The first mistake concerns the primary motivation of the bodhisatta—the young Buddha-to-be—for finding the Dhamma in the first place. When he left home in his late twenties to go into the wilderness, it wasn’t to rest in the present moment under a tree. He left home to answer his questions about the problems of aging, illness, and death. Even as an alive and healthy young person, he saw that these problems colored his entire existence: Any answer to the question of how best to live your life would require answering the question of what happens at death. That way, you would know how much energy you have to devote to preparing for death, and how much can be devoted to enjoying the here and now. Any search that didn’t aim at finding what might lie beyond the reach of aging, illness, and death was, in his eyes, an ignoble search. As far as he was concerned, only a search that aimed at the deathless deserved to be called noble (MN 26).
So the problems of aging, illness, and death were the initial inspiration for his search for awakening. It was because of these three facts of life that he looked for the Dhamma to begin with. His defiant desire to triumph over them—to see what course of action (kamma) would lead to what didn’t age, grow ill, or die—is what kept him on the path, undaunted, despite repeated missteps and hardships.
When, on the night of his awakening, he was able to settle his mind in right concentration, he used the power of his concentration as a tool for gaining knowledge. The first questions he wanted answered were questions of aging and death: Is there survival after death? If so, what was it like and how does it happen? To what extent do one’s actions influence the process of rebirth, and to what extent is the process beyond one’s control? And because aging and death follow inevitably on birth, can the process be put to an end, so that birth would no longer take place?

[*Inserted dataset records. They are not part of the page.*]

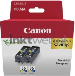 De Canon CLI-36 twinpack kleur is een multipack met 2 CLI-36 kleur cartridges! Hij beschikt over een capaciteit 498 pagina's en heeft een inhoud van 24 ml. Daarbij printen deze cartridges met scherpe en heldere kleuren en daarom is hij perfect voor foto's.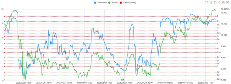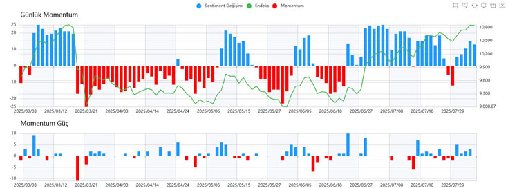 Endeks ve Sentiment tarafında pozitif trend korunuyor. Ancak 10.900 direnci kritik bir eşik olarak öne çıkıyor. Bu seviyenin üzerinde kalıcı bir kapanış yapılamaması, ara ara satıcı baskısının hissedilmesine neden oluyor. Direncin aşılması halinde yukarı yönlü hareketin daha güçlü bir ivme kazanması beklenebilir.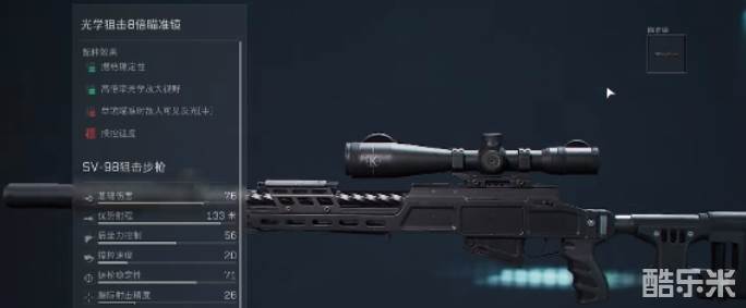 大家在针对该武器去进行改枪的时候,可优先考虑去使用6倍或更高的可变倍率瞄准镜,以便在不同距离上都能保持高精度射,同时枪口配件方面,大家也可去使用消音器来降低射击声音,进一步提高其隐蔽性,或者是使用制退器来减少后坐力,这样也能提高其连续射击时的稳定。下面和酷乐米小编一起来看看吧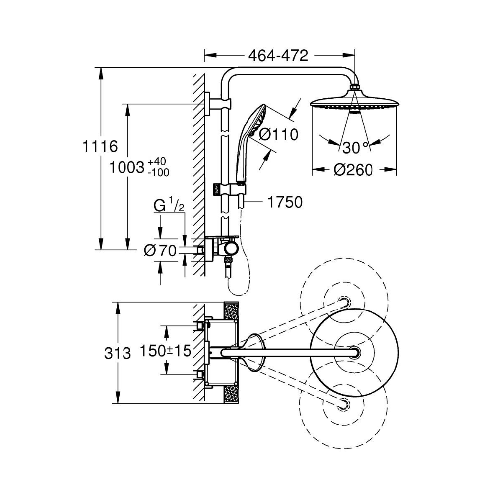 Caractéristiques de la colonne de douche avec mitigeur thermostatique, Chrome Grohe Vitalio System 260 (26403002) :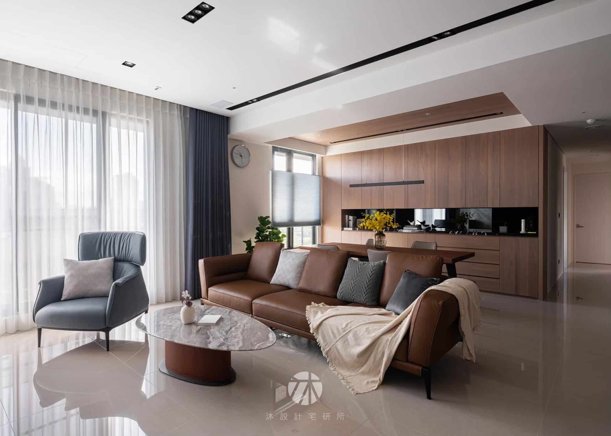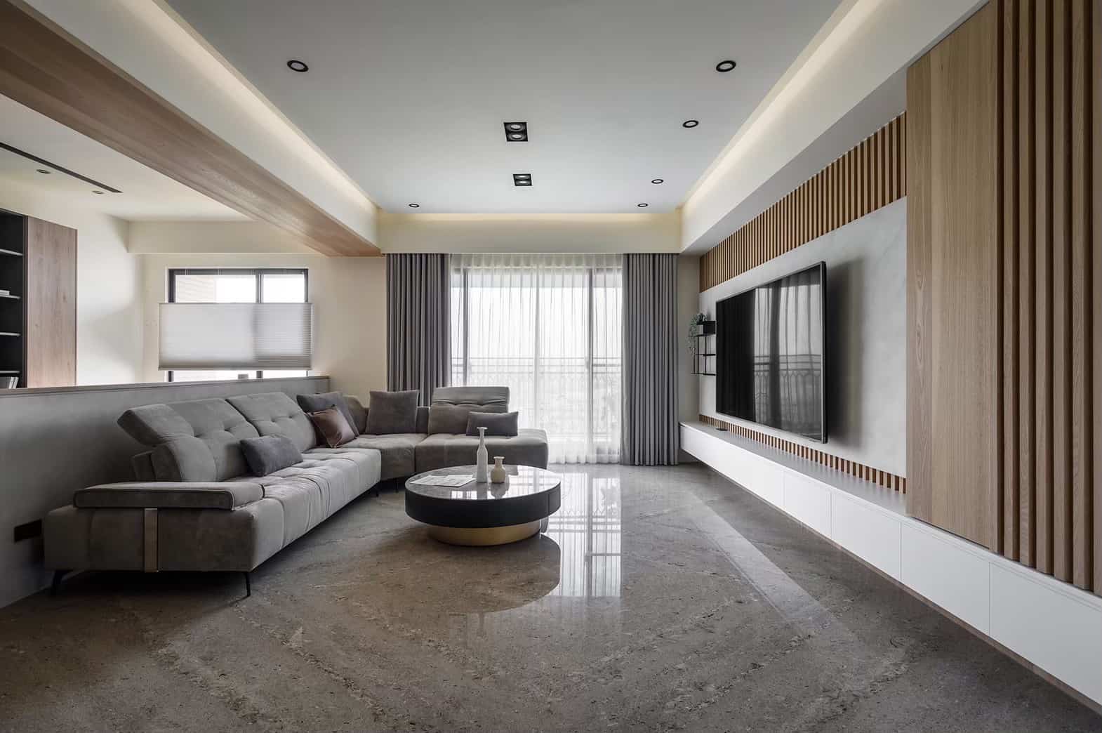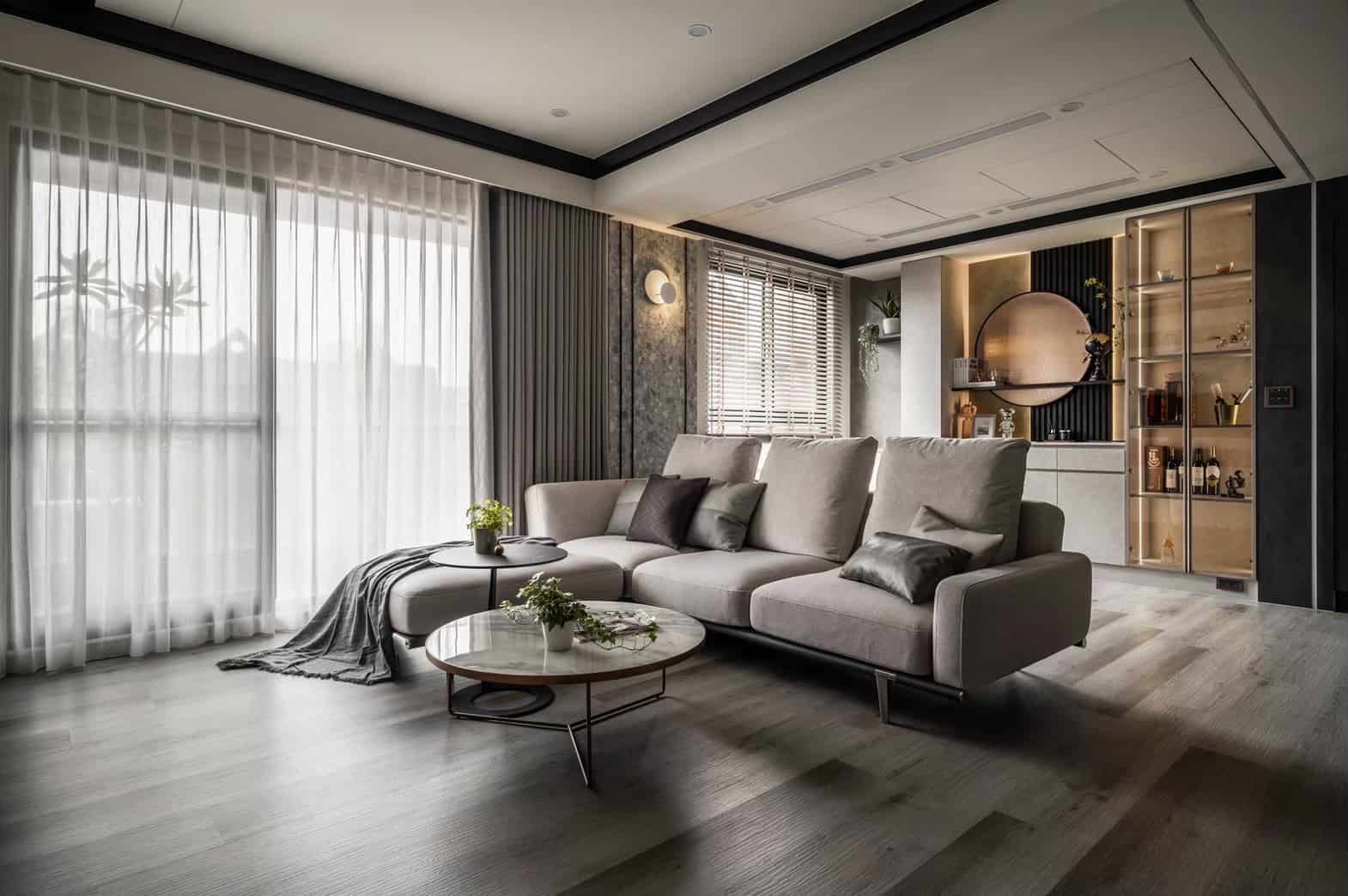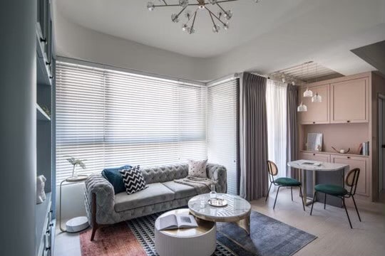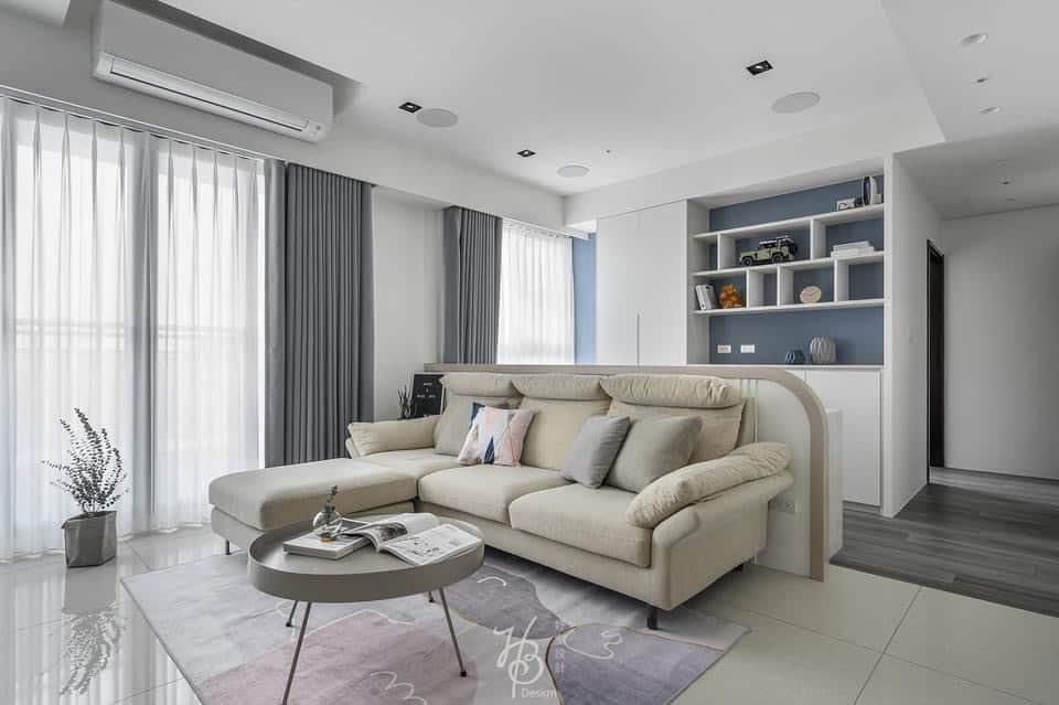 如果是棟距很近的大樓,客廳採光通常不會太好,在選擇窗簾布料時,會建議採用半透光或者透光的布料,保持室內明亮,避免造成客廳太暗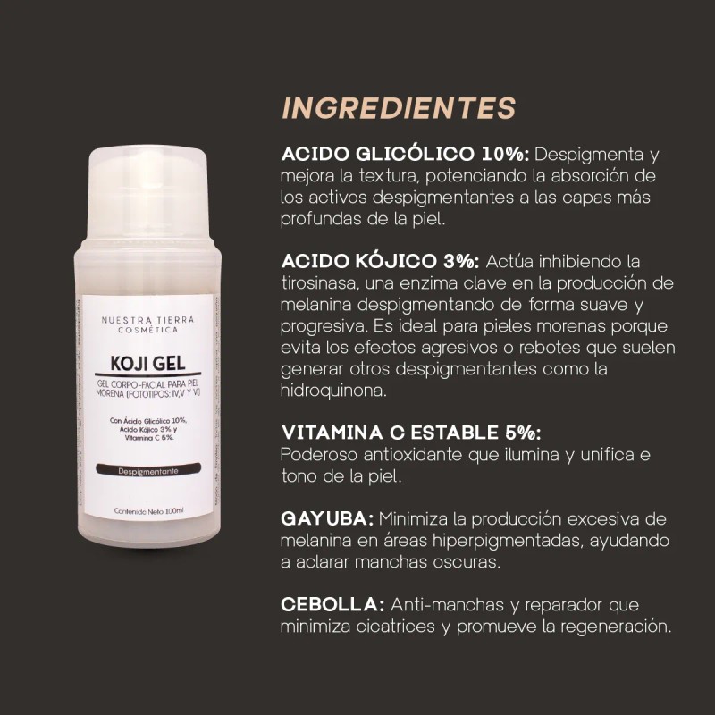 El Gel Despigmentante con Ácido Kójico de Nuestra Tierra Cosmética ha sido especialmente desarrollado para tratar y mejorar la apariencia de la piel morena y latina, que tiende a presentar manchas más persistentes por su alta concentración de melanina.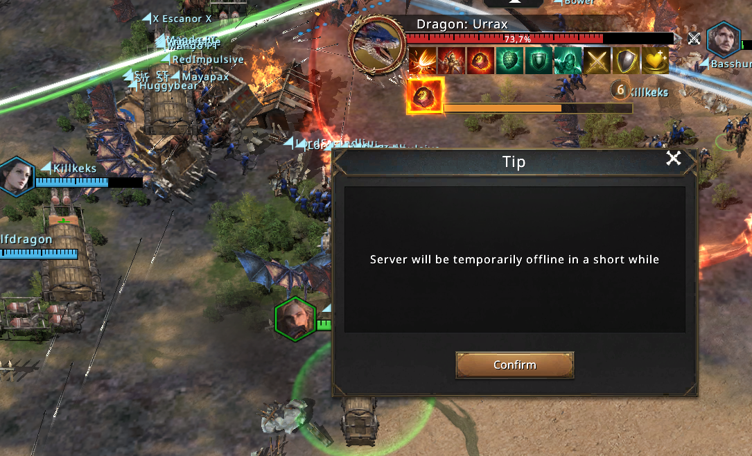 We were just attacking the dragon yesterday in the Domain when we was cut off . In the first place not all could join for a 400 Bad Request so we had to do with whom could enter what already is a disadvantage. Than we was winning against the dragon (my print is a bit later the dragon already gained life again) with around 20 min to go we was cut off for this emergency update. When we could get in again only a few minutes left the dragon gained all life again and a lot off carts was destroyed. The troops no matter here but you lose a bar on the cart! On top off this people got stuck behind the wall off the Domain unable to return their marches home.

He kept pursuing these questions without getting waylaid by other issues or giving up on his search for knowledge. In fact, it was because he remained focused on these issues that he found an answer that brought him what he was looking for: direct knowledge of total nibbāna, unbinding—freedom from aging, illness, and death, once and for all.
The answers he gained on the night of his awakening formed the framework of the Dhamma he later taught. And here again, the primary emphasis was on birth, aging, and death.
The two Dhamma teachings he talked about most in connection with his awakening were the four noble truths and dependent co-arising. We’ll examine these teachings in more detail in Chapter One, but here it’s enough to note that each of these teachings explains the causes for suffering, and the actions through which suffering can be ended by putting an end to the causes. In each case, when the Buddha explained what he meant by suffering, the first examples he listed were birth, aging, and death. In highlighting them, he was announcing to his listeners that the Dhamma didn’t shy away from the big questions of life. These were themes to which he would return again and again throughout his teaching career to his very last day.
So we owe the Dhamma both to the facts of aging, illness, and death, and to the bodhisatta’s audacious desire to gain total release from them. When he later taught meditation in a way that focused primarily on the present moment, it wasn’t to exalt the present moment as apart from time or as an end in itself. It was to see how the present moment connected with the past and the future, and to gain mastery over the processes of the mind occurring here and now that would determine the extent to which one would suffer from birth, aging, illness, and death. This means that he recommended using the present moment—together with the past and future—as means to a higher end, for developing skills that would, ideally, lead to a dimension that lay outside of past, present, and future entirely.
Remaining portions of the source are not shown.